# Valve stem caps



## AlanE (Jan 22, 2002)

Does anyone actually use them? They seem to be completely unnecessary on presta valves. The only thing I've found them good for is to prevent the valve from puncturing the tube while it's folded up in the saddle bag.


----------



## PlatyPius (Feb 1, 2009)

They're good for covering up exposed threads on anything that might poke you, and happens to be that size. An extra-long seatpost QR stud, for instance.


----------



## MisterMike (Aug 12, 2004)

I know it's silly but I just can't leave the caps off. It just seems like in the worst case it would be so much harder for a capped valve to put a hole in me somewhere if I crash. Without the cap I can see somehow getting pierced pretty good. I know it's unlikely....but it's in my head.


----------



## rjcamsr (Mar 3, 2004)

I don't use them. It's just one more thing. I keep one on my spare so that the threads don't rub on the tube.


----------



## Blue CheeseHead (Jul 14, 2008)

Nope...Useless...but I keep them and I don't know why.


----------



## PlatyPius (Feb 1, 2009)

MisterMike said:


> I know it's silly but I just can't leave the caps off. It just seems like in the worst case it would be so much harder for a capped valve to put a hole in me somewhere if I crash. Without the cap I can see somehow getting pierced pretty good. I know it's unlikely....but it's in my head.


Former boss had some wheels sitting on the floor in his work area (he's a slob). While walking back to his bench, he tripped on some tires, fell, and 60mm presta valve when through his hand. I have a pic of it on my old cell phone. It was pretty gruesome.


----------



## steelbikerider (Feb 7, 2005)

caps stay on good tubes in spare bag or hanging on wall. Tubes that need patching do not have caps.


----------



## sixate (Jul 6, 2009)

As soon as I use a tube I lose that cap. There's no need for them.


----------



## Opus51569 (Jul 21, 2009)

I can't believe a weight weenie hasn't posted yet about the .36g saved by removing the valve caps 

I keep mine on, 'cause that's where they go.


----------



## CEVIS (Sep 13, 2009)

I usually chew on them during the install.


----------



## Kerry Irons (Feb 25, 2002)

*Useless*



AlanE said:


> Does anyone actually use them?


Yes, lots of poeple do.



AlanE said:


> They seem to be completely unnecessary on presta valves.
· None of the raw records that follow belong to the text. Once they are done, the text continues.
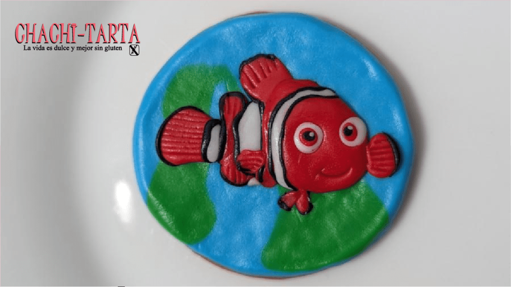 Para la decoración he utilizado fondant de azúcar de color blanco y colorantes comestibles en gel. Hoy en día hay muchas marcas de fondant y en su mayoría casi todas son libres de gluten, no obstante hay que mirar etiquetas por si acaso.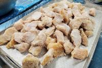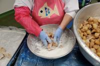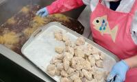 下味に漬け込んだ「輪島ふぐ」に手作業で米粉をまぶし、カリっと揚がりました。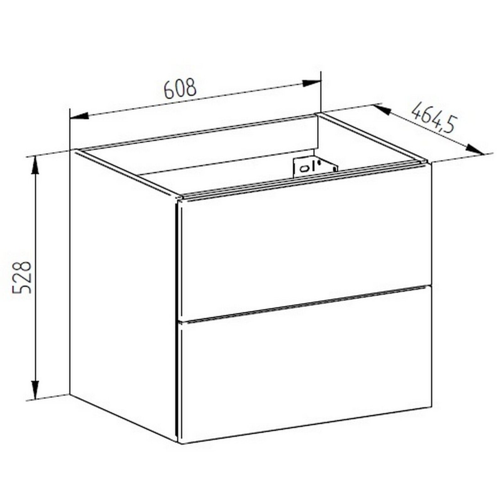 Kombinovatelné se skříňkou nebo umyvadlem stejné série, zásuvky jsou řešeny push-open otevíráním bez úchytek, zásuvky jsou opatřeny pomalým dovíráním. V horní zásuvce skříňky je vykrojení pro umyvadlový sifon. Dodáváno ve smontovaném stavu. Vnitřní výška horního šuplíku je 14,5 cm a spodního šuplíku 20 cm. Skříňky mají nadstandardní pojezdy Blum, které je možné seřídit ve všech směrech.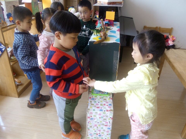 在角色游戏中,我们选定了孩子们游戏生活中常常接触到的售票员、摄影师、化妆师、服务员、司机、快递员等作为体验职业,让孩子在真实的游戏情境中感受劳动者的辛劳。听,淘宝店主正在高声叫嚷着自己店的精品,售货员正在热情地招呼着小顾客,不时传来讨价还价的声音;看,摄影师为了拍出靓丽的照片绞尽脑汁,指导着顾客摆着各种造型;瞧,忙碌的快递员正在打包快递,正要出发……
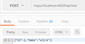 现在我们给 TestController 应用 [ApiController] 特性,同时删掉 Action 上的 [FromBody] 特性: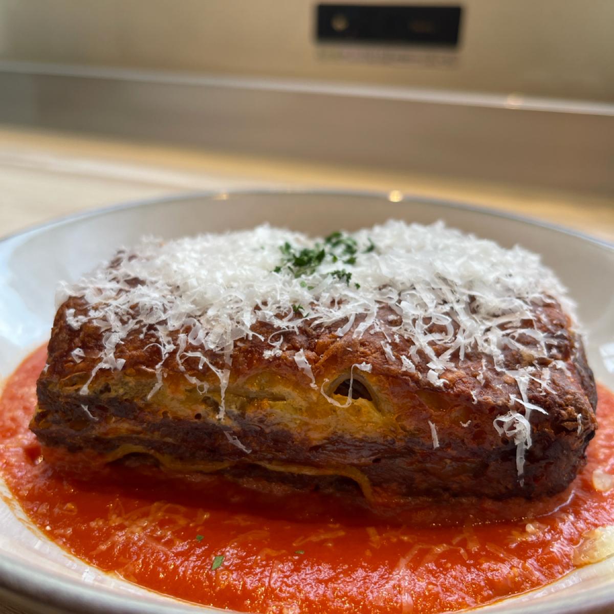 起司烤得很脆 導致刀子不好切成一口大小🤣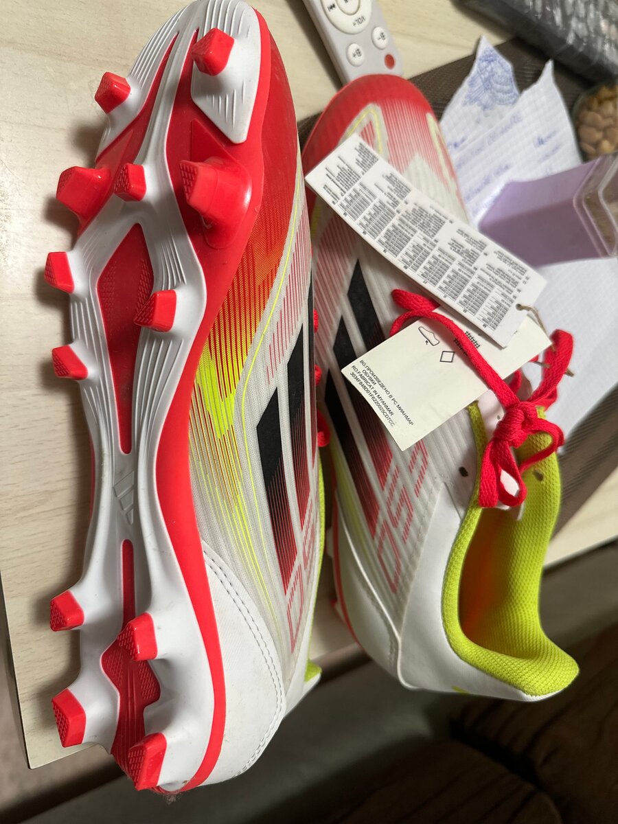 Chaussures de football Adidas rouges pour hommes. Conçues pour la performance, elles offrent une adhérence optimale et un confort maximal. Idéales pour les joueurs exigeants.

That's correct, but that doesn't keep people from using them.


----------



## tuffguy1500 (Jul 17, 2008)

i use em just to keep moisture from my presta valves.. does it really make a diff? iono, but I feel better having them on.. oddly, I dont have them on my dry day "race" bike. The mountain bike always has em on too..


----------



## jmlapoint (Sep 4, 2008)

I don't think the Cap has any purpose other than to protect a new rolled up tube from puncture in the package/shipment.
I actually like Caps, and use the old Metal Caps that came on some tubular tires I had years ago.
I put them on my smooth Michelin Presta Stems and it gives me something to polish and shine. Gotta use up that Simichrome Polish...

John


----------



## Uprwstsdr (Jul 17, 2002)

I use them, but that's because mine are red. I bet if yours were red you would use them too.


----------



## GirchyGirchy (Feb 12, 2004)

I like them on the mt. bike, they keep the ends of the valve clean.


----------



## Becky (Jun 15, 2004)

I have them on the mountain bike and the commuter, just to keep the grit and gunk out of there. The go-fast bikes don't have them.


----------



## Amfoto1 (Feb 16, 2010)

They're more aero than a bare Presta valve...  



steelbikerider said:


> caps stay on good tubes in spare bag or hanging on wall. Tubes that need patching do not have caps.


This is probably the best use I've heard for them!


----------



## Eric_H (Feb 5, 2004)

On my winter bike, which sees lots of rain and slop, I use valve caps. The caps keep the valve from getting corroded and/or gunked up. Sometimes I have to use needle-nose pliers to crack a gunked up Presta valve.


----------



## Trek2.3 (Sep 13, 2009)

I'd like to use them but they keep escaping.


----------



## MarvinK (Feb 12, 2002)

I've actually used a cap as a makeshift valve adapter. If you happen to have a pocket knife, you can cut the tip off and have it work with schrader pumps. I was a teenager and forgot my pump... ended up using one at a gas station (back when they were free).

Having said that, I don't leave caps on... just on the spare in the saddle bag.


----------